● **Problem statement**
Below are entries. Give back exactly the lines from the one containing "- Burmistrova, A.;" through the one containing "Notice from this", inclusive, without the pictures.

(Saved data entries)
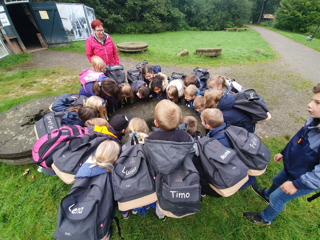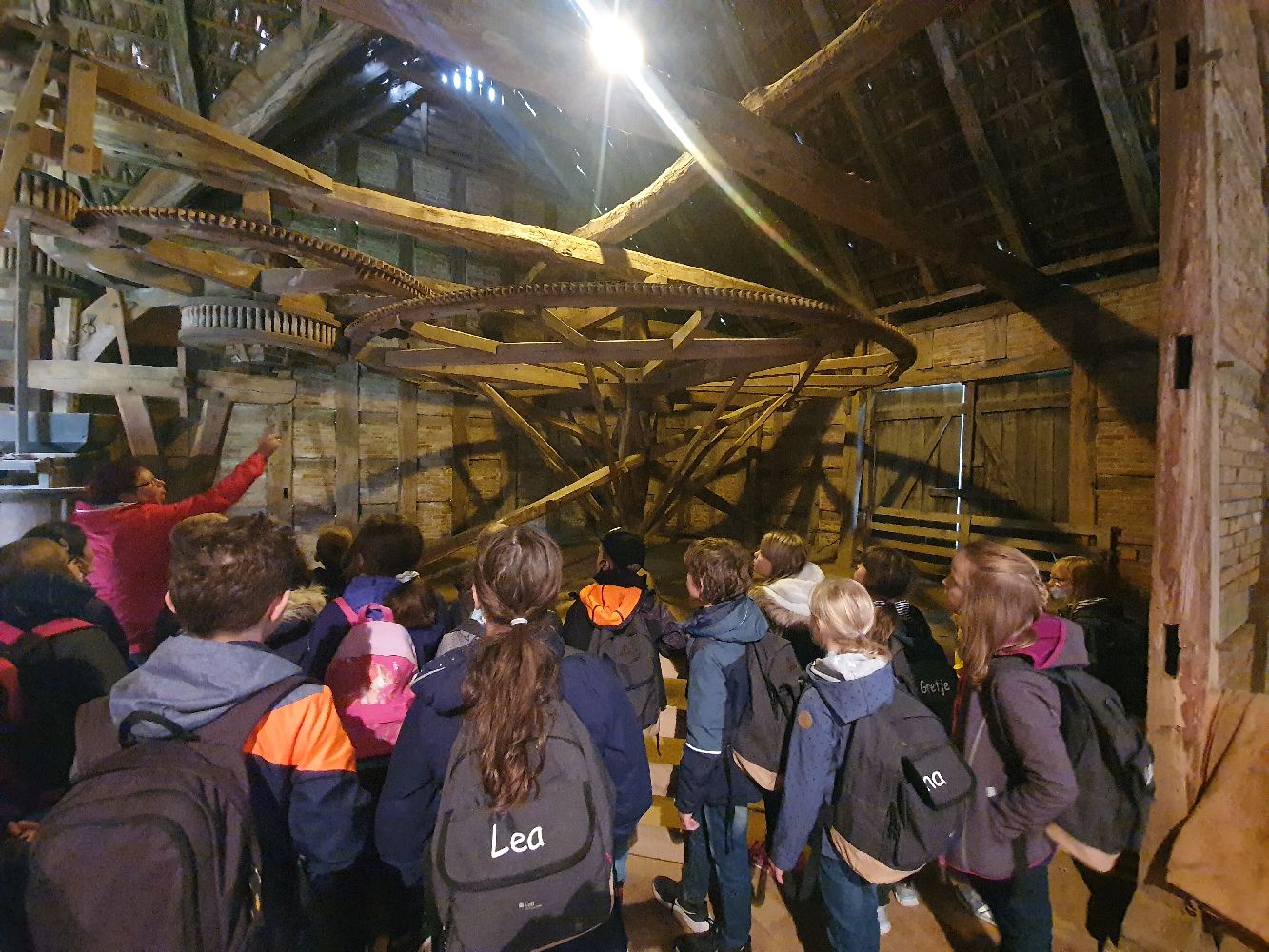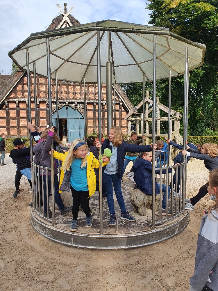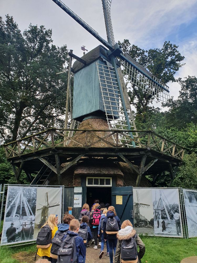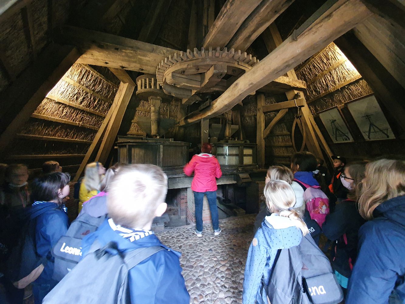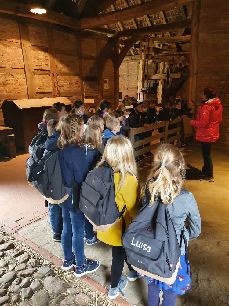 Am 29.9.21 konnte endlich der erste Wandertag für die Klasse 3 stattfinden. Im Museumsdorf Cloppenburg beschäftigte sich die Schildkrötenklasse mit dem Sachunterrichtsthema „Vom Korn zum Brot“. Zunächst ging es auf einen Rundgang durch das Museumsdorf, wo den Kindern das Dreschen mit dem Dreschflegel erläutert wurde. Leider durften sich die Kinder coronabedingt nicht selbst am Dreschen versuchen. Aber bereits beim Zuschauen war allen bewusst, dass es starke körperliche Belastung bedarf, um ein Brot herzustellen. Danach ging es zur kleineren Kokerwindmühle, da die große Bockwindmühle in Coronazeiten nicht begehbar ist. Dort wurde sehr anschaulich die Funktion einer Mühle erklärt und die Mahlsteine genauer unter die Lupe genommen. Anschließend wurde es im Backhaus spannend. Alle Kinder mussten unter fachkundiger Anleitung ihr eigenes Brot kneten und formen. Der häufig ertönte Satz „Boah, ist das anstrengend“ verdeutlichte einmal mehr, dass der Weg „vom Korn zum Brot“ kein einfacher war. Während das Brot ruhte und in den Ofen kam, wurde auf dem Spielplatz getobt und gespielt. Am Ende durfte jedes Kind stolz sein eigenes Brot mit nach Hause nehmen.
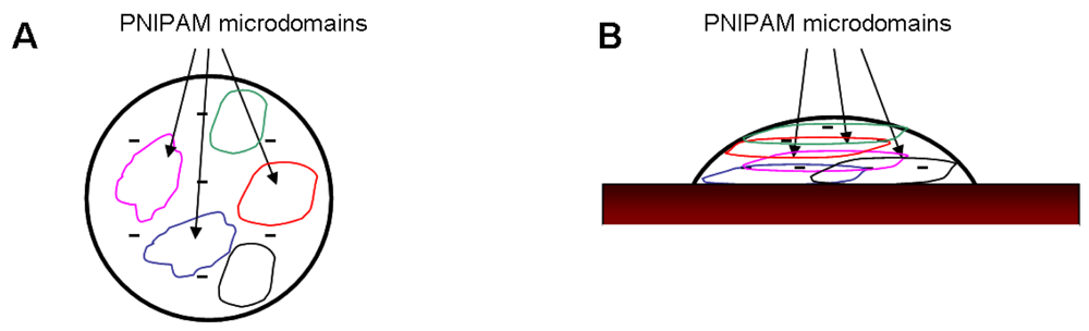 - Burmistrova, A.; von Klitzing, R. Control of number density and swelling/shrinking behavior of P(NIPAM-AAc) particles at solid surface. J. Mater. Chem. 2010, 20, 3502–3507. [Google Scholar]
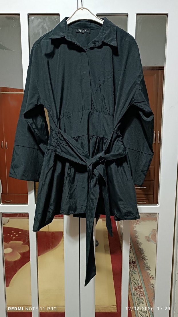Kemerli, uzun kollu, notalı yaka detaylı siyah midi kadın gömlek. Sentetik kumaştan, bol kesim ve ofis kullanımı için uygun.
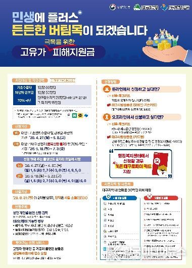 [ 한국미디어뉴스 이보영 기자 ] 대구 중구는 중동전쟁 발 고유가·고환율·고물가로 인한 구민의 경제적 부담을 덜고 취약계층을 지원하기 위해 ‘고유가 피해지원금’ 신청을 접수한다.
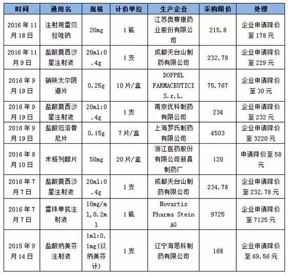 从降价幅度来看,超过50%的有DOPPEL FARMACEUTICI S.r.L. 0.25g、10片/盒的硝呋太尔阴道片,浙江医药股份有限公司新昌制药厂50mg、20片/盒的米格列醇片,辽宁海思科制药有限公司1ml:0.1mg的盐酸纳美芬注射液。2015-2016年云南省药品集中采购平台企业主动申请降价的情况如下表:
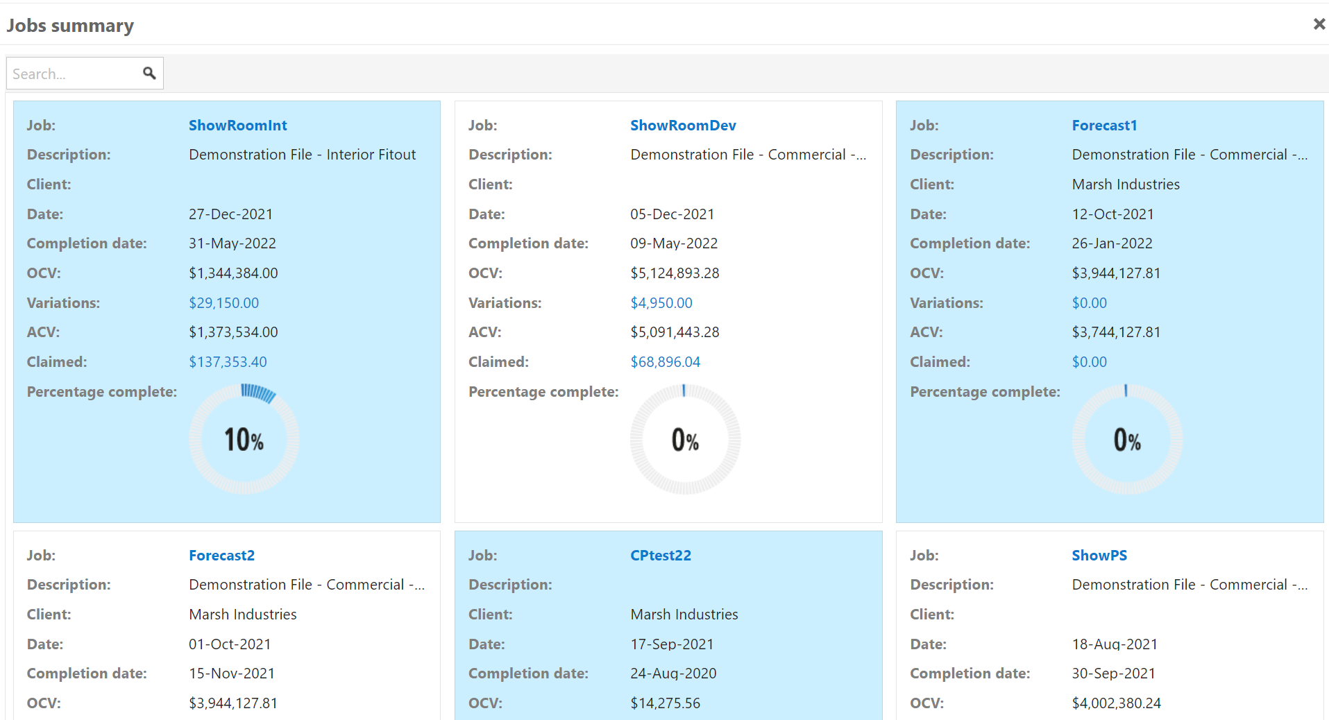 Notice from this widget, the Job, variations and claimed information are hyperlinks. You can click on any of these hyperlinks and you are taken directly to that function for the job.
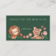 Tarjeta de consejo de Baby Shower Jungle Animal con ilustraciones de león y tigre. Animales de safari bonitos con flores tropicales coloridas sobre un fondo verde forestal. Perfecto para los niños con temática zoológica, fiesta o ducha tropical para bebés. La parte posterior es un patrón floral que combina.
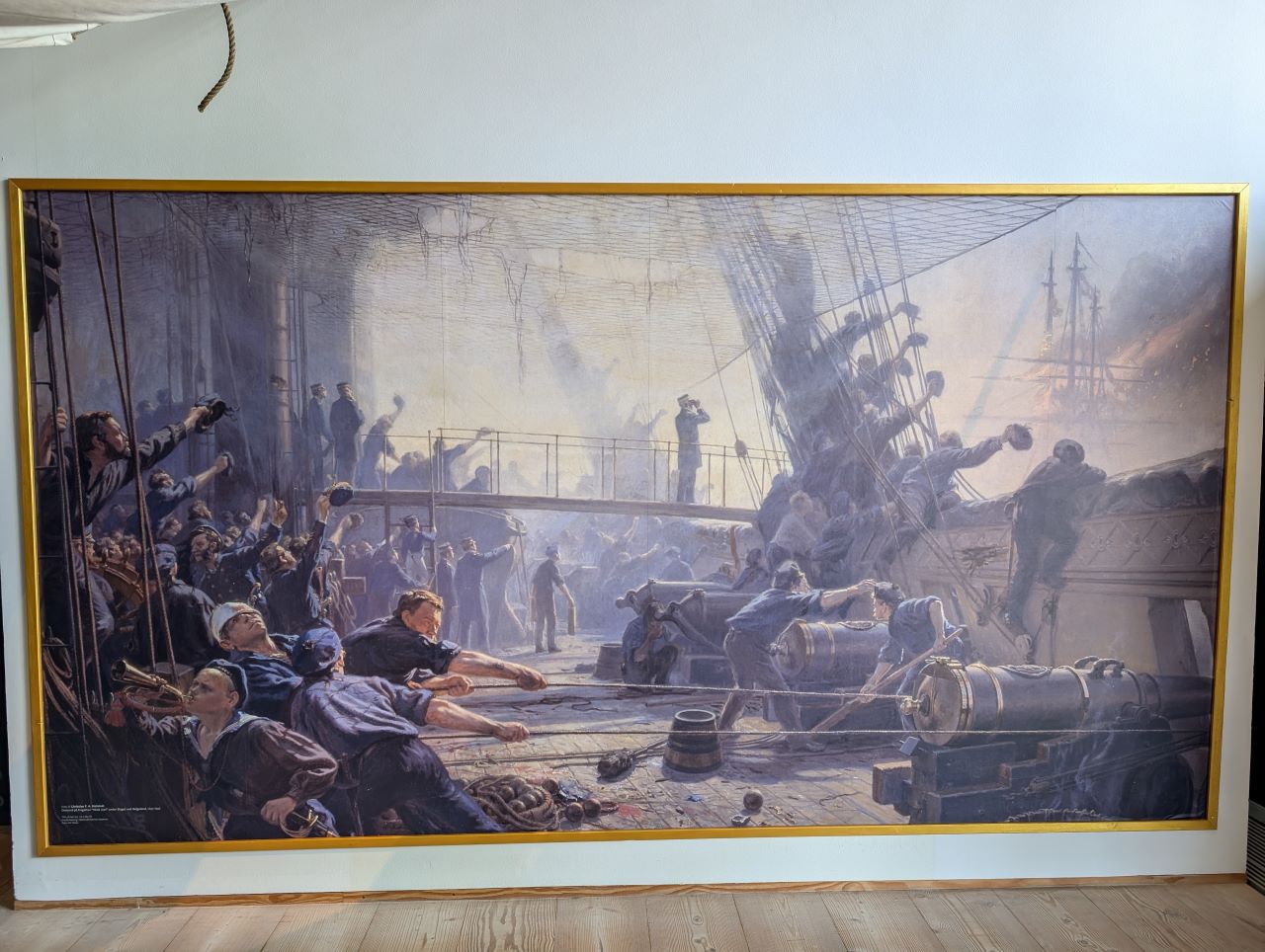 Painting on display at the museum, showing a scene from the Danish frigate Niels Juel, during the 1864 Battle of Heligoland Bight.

● **Exercise response**
 - Burmistrova, A.; von Klitzing, R. Control of number density and swelling/shrinking behavior of P(NIPAM-AAc) particles at solid surface. J. Mater. Chem. 2010, 20, 3502–3507. [Google Scholar]
Kemerli, uzun kollu, notalı yaka detaylı siyah midi kadın gömlek. Sentetik kumaştan, bol kesim ve ofis kullanımı için uygun.
 [ 한국미디어뉴스 이보영 기자 ] 대구 중구는 중동전쟁 발 고유가·고환율·고물가로 인한 구민의 경제적 부담을 덜고 취약계층을 지원하기 위해 ‘고유가 피해지원금’ 신청을 접수한다.
 从降价幅度来看,超过50%的有DOPPEL FARMACEUTICI S.r.L. 0.25g、10片/盒的硝呋太尔阴道片,浙江医药股份有限公司新昌制药厂50mg、20片/盒的米格列醇片,辽宁海思科制药有限公司1ml:0.1mg的盐酸纳美芬注射液。2015-2016年云南省药品集中采购平台企业主动申请降价的情况如下表:
 Notice from this widget, the Job, variations and claimed information are hyperlinks. You can click on any of these hyperlinks and you are taken directly to that function for the job.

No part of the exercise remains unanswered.